[Data items]
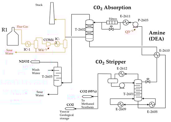 The determination of the mass and energy flows of the methanol production process (Figure 3 and Figure 5) is carried out by simulation using the commercial software HYSYS V12.1, using the thermodynamic model of Peng Robinson for an annual production base of 70,000 tons and a methanol purity of 99.8% wt, where the CAPEX of the associated equipment is obtained using the Aspen Capital Cost tool and the OPEX of the facility, from real information collected from the refinery and supplemented with data from the literature []. The reforming furnace R1 (Figure 3 and Figure 4) is simulated as a conversion reactor, the R1-R2 CO to converters are simulated by equilibrium reactors, and the R4-R5 methanol synthesis reactors are of the conversion type. The distillation column is simulated with 25 theoretical plates and a reflux ratio of 0.96. The heat pump integrated between the top and bottom of the column uses propane as a working fluid and a centrifugal compressor of 850 KW power. The carbon capture unit (CCU; Figure 6) for use of in the synthesis of methanol was simulated by a conventional T-2602 chemical absorption (20 theoretical stages) and a T-2601 stripping column (21 theoretical stages) using a DEA [] amine solution which takes the combustion gas (flue gas) from the reforming furnace. The thermodynamic model used for the simulation of the amine is Acid Gas-Chemical Solvents and Peng Robinson for the transport of the gas and .
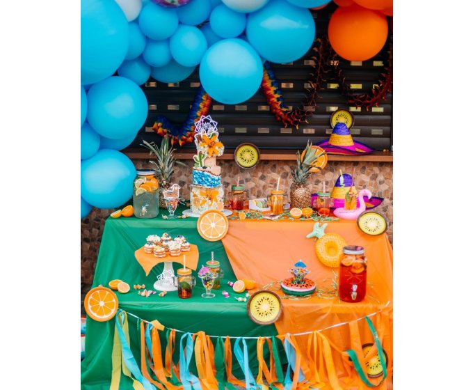 Для праздничной атмосферы декорировать нужно не только помещение, но и стол, где малышам будут подавать угощение – фрукты, сладости или праздничный торт. Если добавить немного декоративных элементов и деталей, выбрать оригинальную посуду и салфетки, скатерти, ощущение праздника усилится и ребята будут в восторге.
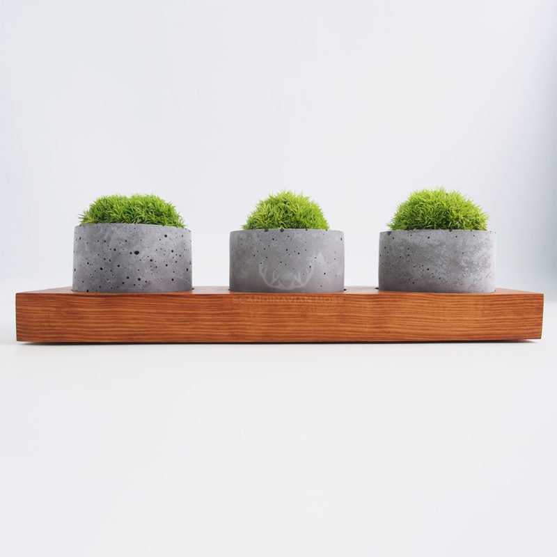 Doniczki zostały wykonane z szarego betonu architektonicznego i umieszczone na drewnianej podstawce. Niewielkie wklęśnięcia w strukturze doniczki nie są wadą produktu, ale powstają na etapie produkcji, gdy pęcherzyki powietrza dostają się do betonowej masy. Geometryczna forma dekoracji doskonale wpisuje się we współczesny design wnętrz.
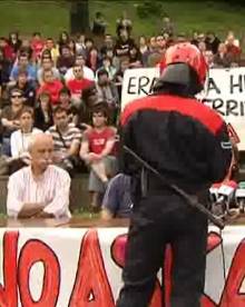 La conferencia de prensa fue interrumpida momentáneamente por la Ertzaintza, que identificó a los responsables de la comparecencia por no haber comunicado su celebración en la vía pública.
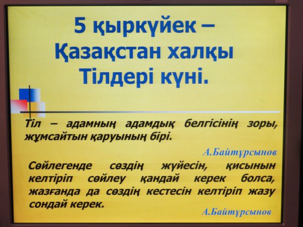Ана тілі – біздің ар-ождан, адамгершілігіміздің айнасы. Адам ана тілімен бақытты, ана тілімен асқақ." Ана тіліміздің мәртебесі асқақтай берсін!
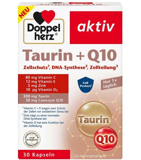 Anwendungsgebiet von Doppelherz Taurin + Q10 KapselnDoppelherz Taurin + Q10 Kapseln enthält 300 mg Taurin und 30 mg Coenzym Q10. Ergänzt wird die Rezeptur durch Vitamin C und E zum Schutz der Zellen, Vitamin D für die DNA-Synthese und Zink für die Zellteilung. Im hektischen Alltag wird uns körperlich und geistig häufig viel abverlangt. Jeden Tag sind unsere Zellen unzähligen Herausforderungen ausgesetzt – dazu zählt auch oxidativer Stress, der beispielsweise durch Umweltfaktoren entstehen kann. Vitamin C und E leisten einen Beitrag zum Schutz der Zellen vor oxidativem Stress, während Vitamin D eine Funktion bei der Zellteilung hat und Zink zu einer normalen kognitiven Funktion beiträgt. Taurin ist eine organische Verbindung, die in verschiedenen Geweben des Körpers vorhanden ist. Es findet sich in höherer Konzentration in Muskeln, Gehirn, Herz und Augen. Taurin ist außerdem in Lebensmitteln wie Fisch, Fleisch und Meeresfrüchten enthalten und kann für verschiedene Anwendungen synthetisch hergestellt werden. Coenzym Q10 ist ein Bestandteil der Ubichinone und kommt in vielen Bereichen des Körpers vor, insbesondere in Organen wie dem Herz, den Nieren, der Leber und der Muskulatur. Es wird in den Mitochondrien der Zellen gespeichert und kann sowohl vom Körper produziert als auch über die Nahrung aufgenommen werden. Vitamin C und E tragen zum Schutz der Zellen vor oxidativem Stress bei. Zink leistet einen Beitrag zu einer normalen DNA-Synthese. Vitamin D hat eine Funktion bei der Zellteilung. Vitamin D trägt zu einer normalen Funktion des Immunsystems und der Muskeln bei und leistet einen Beitrag zum Erhalt normaler Knochen. Magnesium leistet einen Beitrag zu einer normalen Muskelfunktion und einen normalen Energiestoffwechsel. Vitamin B12 trägt zur Verringerung von Müdigkeit und zu einem normalen Energiestoffwechsel bei.Wirkstoffe / Inhaltsstoffe / ZutatenZutaten von Doppelherz Taurin + Q10 Kapseln:Taurin, Magnesiumoxid, Gelatine (Rind), Vitamin ...
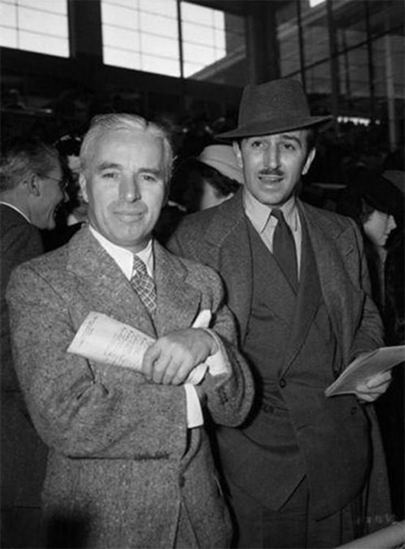 Charlie Chaplin, and animation pioneer Walt Disney, captured in a rare moment at the races in Arcadia, California – Original picture.
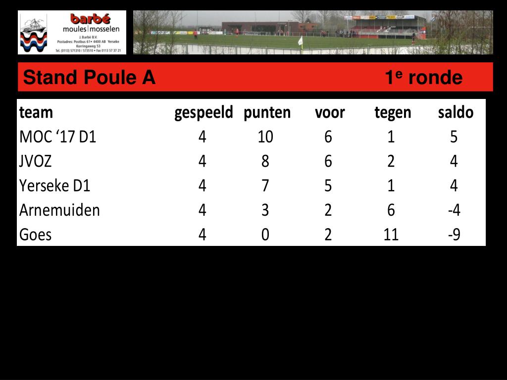 Stand Poule B 1eronde Zeelandia is niet komen opdagen. Alle ploegen winnen met 3-0 van Zeelandia.
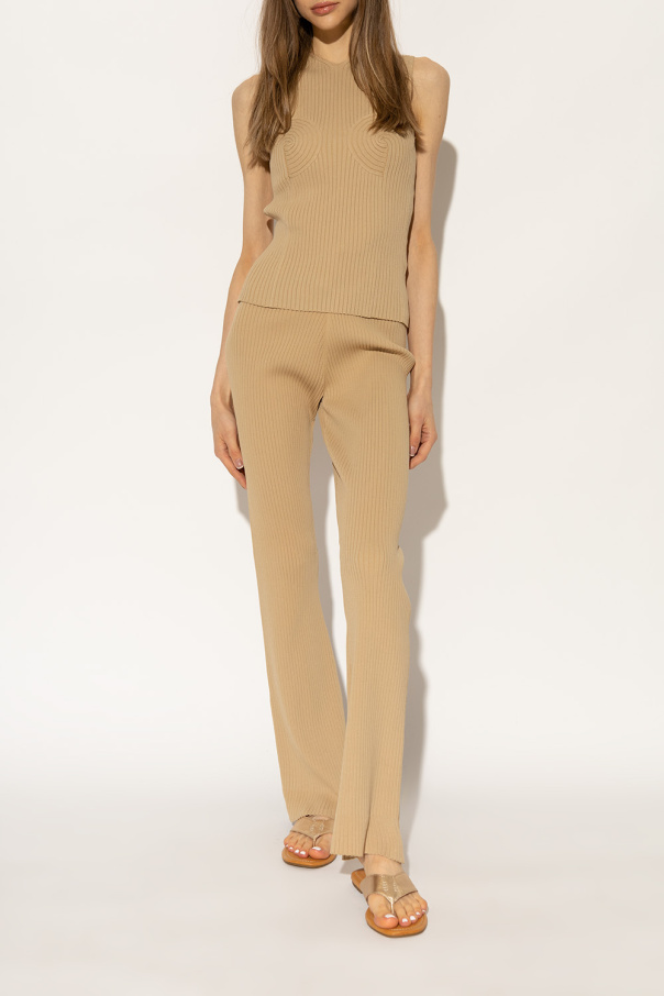 Gold-tone ‘Carey’ slides from UGG. Made of leather, this pair features a logo-engraved detail on the side and brown rubber sole.
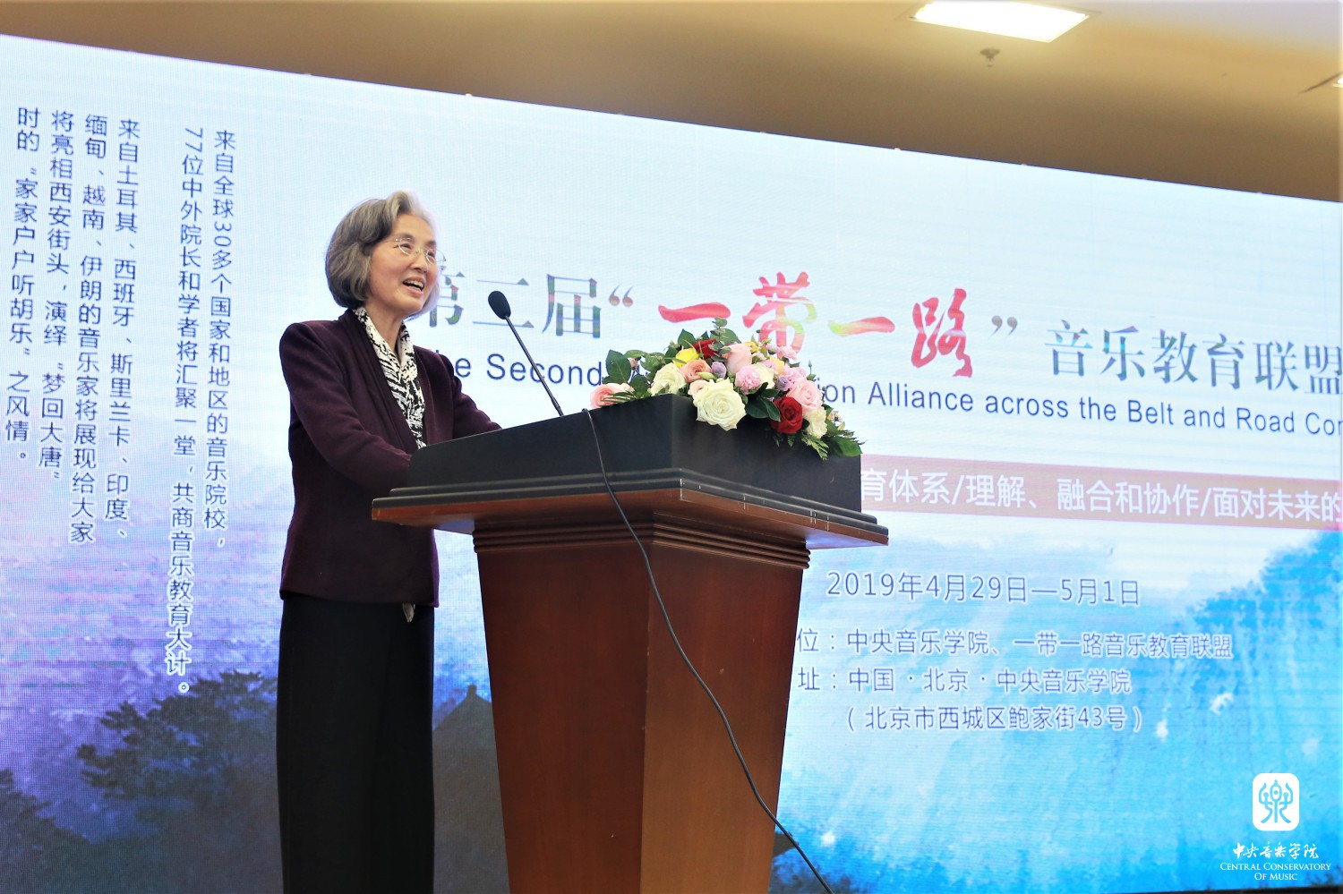 郭淑兰在讲话中回顾"联盟"成立以来的发展历程,指出在组织建设、音乐教育交流与演出、学术研究等方面均取得了可喜成果。"一带一路"音乐教育联盟被列入“一带一路”国际合作高峰论坛项目成果清单,教育部国际司批准成立了"一带一路"音乐交流与研究中心,成立了秘书处;"联盟"成员稳步增加,含盖了东北亚、东南亚、中亚、中东欧等各国音乐学院;联盟开展了多样化的"一带一路"音乐教育交流和演出;创作并演出一批"一带一路"音乐原创作品;组织开展"一带一路"音乐和音乐教育研究课题,先后申报立项11个研究课题,组织编辑出版了《丝绸之路音乐研究文集》。
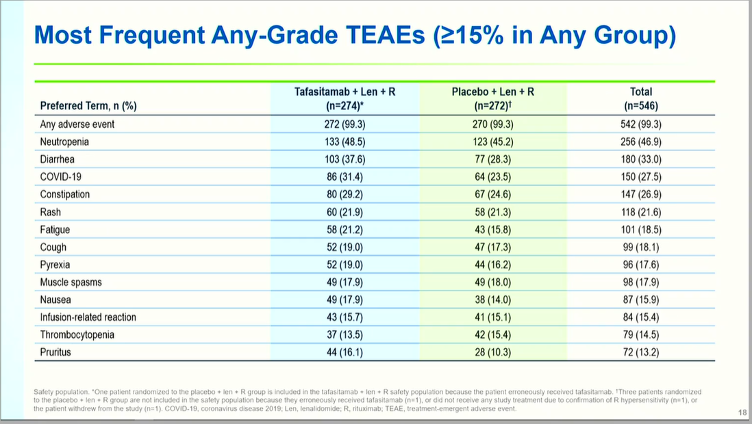 剂量调整与停药率:因TEAE导致研究治疗中断的比例在坦昔妥单抗组略高(11% vs 7%),但来那度胺剂量中断(74% vs 70%)及减量(14% vs 11%)比例两组相当,提示坦昔妥单抗未显著增加整体治疗毒性。研究期间共46例死亡,疾病进展相关死亡在坦昔妥单抗组更低(2% vs 6%),感染相关死亡各组6例(2%)。
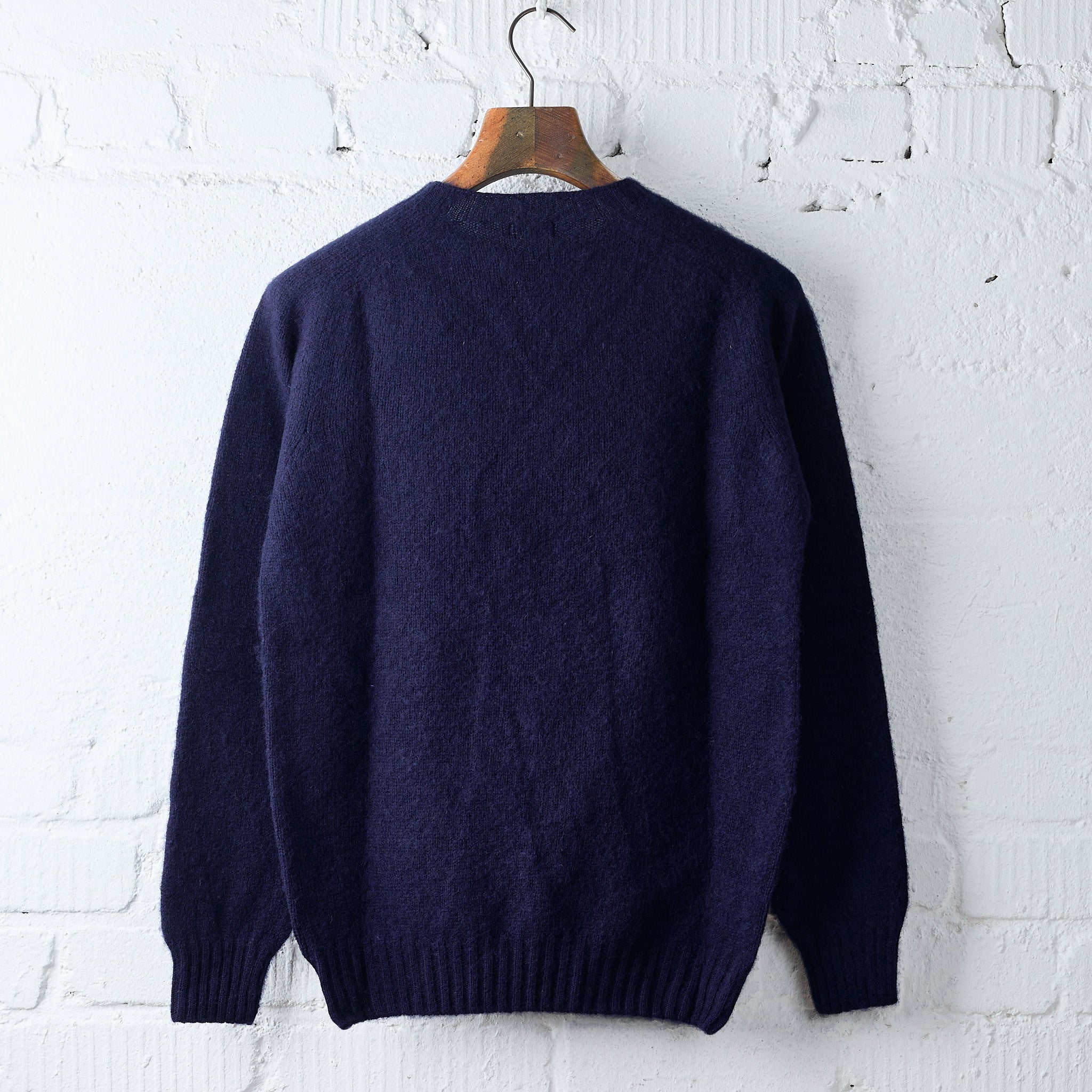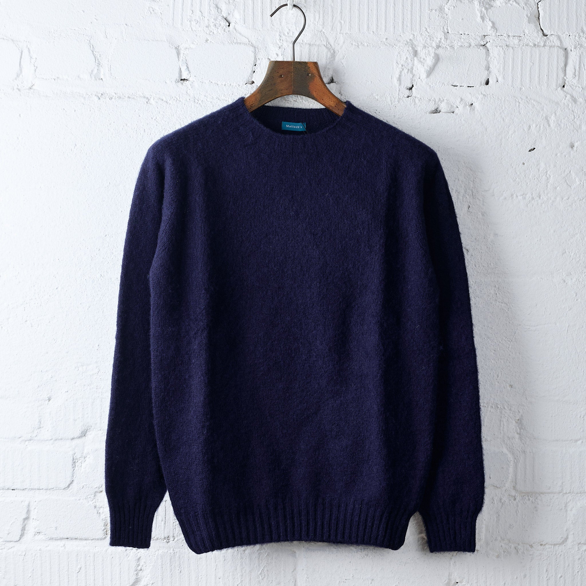 der kelso brushed shetland jumper von malloch‘s ist ein klassischer pullover im ivy-league-style. er ist in hawick, schottland, aus gebürsteter shetlandwolle gefertigt, die wegen ihrer textur auch bekannt ist als shaggy-dog in anlehnung an "zottelige hunde“. die wolle durchläuft dabei eine alte bürstmaschine mit disteln, was dem pullover eine zusätzliche tiefe und dreidimensionalität verleiht.
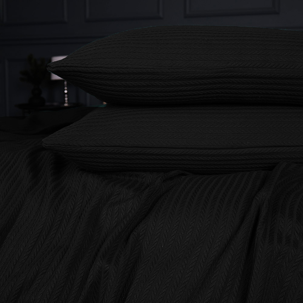 Стильний набір із покривала і двох наволочок. Однотонний чорний колір у поєднанні з рельєфними смужками має елегантний і красивий вигляд.
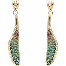 18ct Yellow Gold Diamond Enamel Style & Fashion Dragonfly Wing Stud Earrings D - Yellow Gold
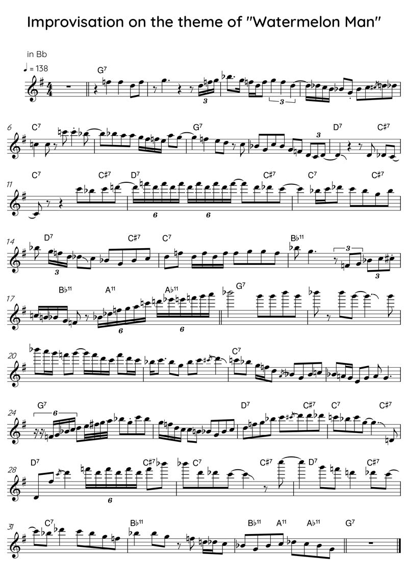Watermelon Man In C Download PDF In Bb Download PDF In Eb Download PDF Listen to Robkoo Clarii mini Improvisation Listen and Play with Backing Track To download the audio file or change the playback speed, click on the three dots on the right side of the player For the recording, I used the VG Jazz Tenor Saxophone sound libraries. You can download them here and here
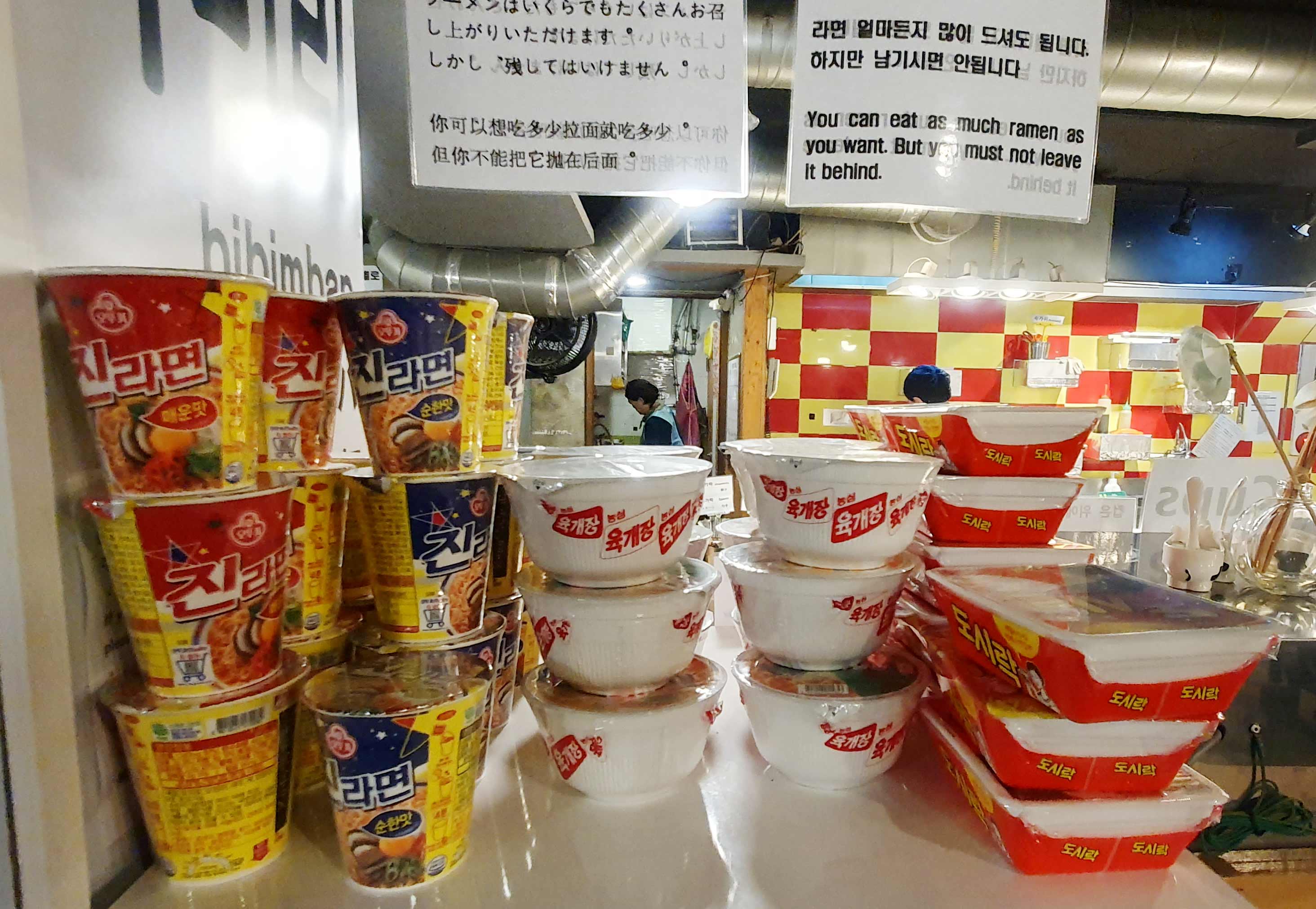 비빔밥을 두번 먹으면 배가 불러 컵라면을 먹을 수 있을까란 생각을 하겠지만, 비비밥과 컵라면 국물의 조화는 말할 필요없이 맛있다는것을 우리는 이미 알고 있다.진라면 순한맛/매운맛, 농심 육개장 사발면, 팔도 도시락 등 라면계의 스타들이 다 모여있다. 남기지만 않으면 된다는 문구만 잘 기억해주시면 좋겠다. 큰사발이 아니고 소컵이라 부담이 덜하니 본인의 양만큼 먹으면 되겠다.
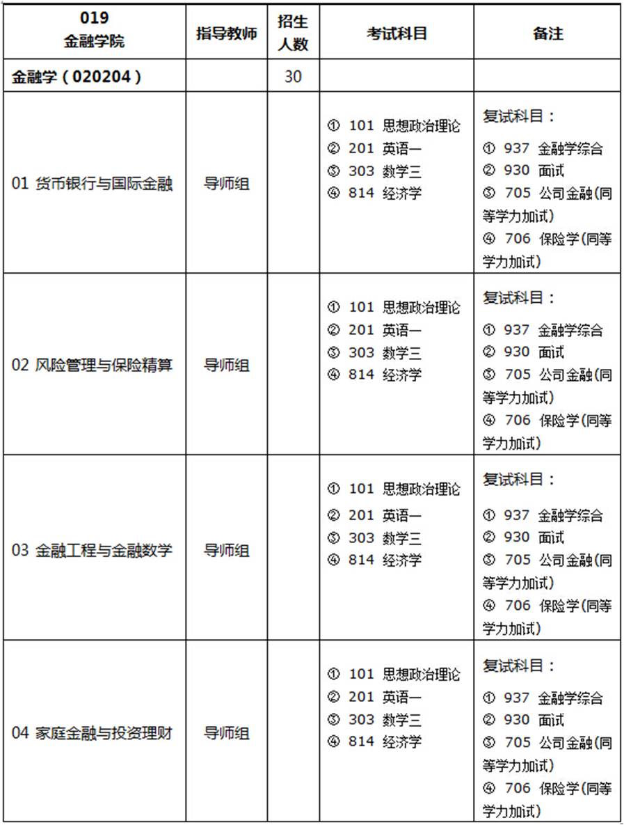 2003年在国际贸易学硕士点下开始招收“国际金融方向”的硕士研究生, 2012年开始招收金融学专业硕士研究生。金融学学位点现有硕士生导师19位,其中教授16位,副教授3位,拥有博士学位导师15位。金融学硕士点目前开设了货币银行与国际金融、金融工程与金融数学、风险管理与保险精算、家庭金融与投资理财等4个研究方向,专业培养方案实行理论性与应用性的深度融合,致力于培养兼具经济学、金融学、数学和计算机知识的复合型人才,学生毕业后可从事银行、证券、保险、投资、金融监管、国际商务等领域的工作。金融专业的研究生就业情况良好,不仅就业率达到了100%,而且就业层次也非常高, 70%以上的毕业研究生进入了商业银行、保险公司、跨国公司、人民银行等金融机构或金融监管部门,毕业生质量受到社会的广泛好评。

**What the exercise asks**
Your copy should hold only the lines above from the one containing "18ct Yellow Gold" through the one containing "비빔밥을 두번 먹으면", exactly as written and free of pictures.

**Finished exercise**
 18ct Yellow Gold Diamond Enamel Style & Fashion Dragonfly Wing Stud Earrings D - Yellow Gold
Watermelon Man In C Download PDF In Bb Download PDF In Eb Download PDF Listen to Robkoo Clarii mini Improvisation Listen and Play with Backing Track To download the audio file or change the playback speed, click on the three dots on the right side of the player For the recording, I used the VG Jazz Tenor Saxophone sound libraries. You can download them here and here
 비빔밥을 두번 먹으면 배가 불러 컵라면을 먹을 수 있을까란 생각을 하겠지만, 비비밥과 컵라면 국물의 조화는 말할 필요없이 맛있다는것을 우리는 이미 알고 있다.진라면 순한맛/매운맛, 농심 육개장 사발면, 팔도 도시락 등 라면계의 스타들이 다 모여있다. 남기지만 않으면 된다는 문구만 잘 기억해주시면 좋겠다. 큰사발이 아니고 소컵이라 부담이 덜하니 본인의 양만큼 먹으면 되겠다.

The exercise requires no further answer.